13. the cell culture base material as any one of claim 1-12, wherein micropore are positioned to allow in the micropore At least one be in fluid communication between single liquid reservoir.

14. the cell culture base material as any one of claim 1-10, wherein the cell culture container includes being placed in Grid at the top of the micropore.

15. the cell culture base material as any one of claim 1-14, wherein each micropore includes：

Top opening, bottom hole, and one or more side walls；Wherein described top opening has effective diameter D_Top, it is one or more of Side wall has the height H that the top opening is extended to from the bottom hole, wherein the micropore is between the top opening and bottom hole Midpoint there is effective diameter D_Midpoint, and wherein D_Top:D_MidpointRatio be 1.5:2.5.

16. cell culture base material as claimed in claim 15, wherein D_Top=1.5 to 2.5D_Midpoint。

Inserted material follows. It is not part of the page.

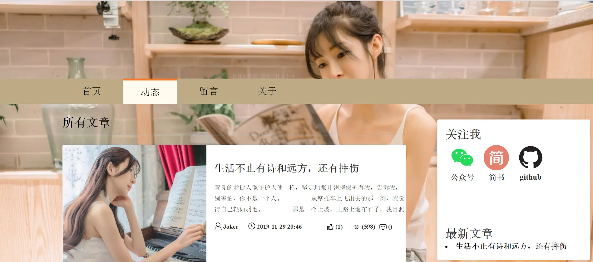 性别男,95后,是一位浪漫的现代主义诗人,号温酒居士,兼职写代码,爱诗歌,爱音乐,爱读书,爱旅游,爱学习,爱生活,爱赚钱,爱江山更爱美人。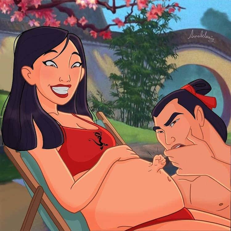 Οι πριγκίπισσες της Disney αποτελούν σταθερή και διαχρονική πηγή έμπνευσης για τους καλλιτέχνες σε όλο τον κόσμο, εξαιτίας της μαγείας και της γοητείας που αποπνέουν. Αυτός είναι ο λόγος που όλο και πιο συχνά, οι αγαπημένες ηρωίδες των μικρών και μεγάλων κοριτσιών πρωταγωνιστούν σε ευφάνταστα σκίτσα που απεικονίζουν σύγχρονα στιγμιότυπα της καθημερινότητας! Η καλλιτέχνις Anna Belenkiy, για παράδειγμα, θέλησε να αποτυπώσει το ταξίδι της πρώτης εγκυμοσύνης της, σχεδιάζοντας τις πριγκίπισσες της Disney ως έγκυες.

17. cell culture base material as claimed in claim 15, wherein H=0.7 to 1.3D_Midpoint。

18. cell culture base material as claimed in claim 15, wherein D_MidpointIt is 200 to 1000 μm.

19. a kind of method for cultivating orbicule, including：Any one of culture medium fills claim 10,11 or 12 Cell culture container；With into the culture medium, addition forms the cell of orbicule.

20. method as claimed in claim 19, it also includes replacing or changing the culture medium.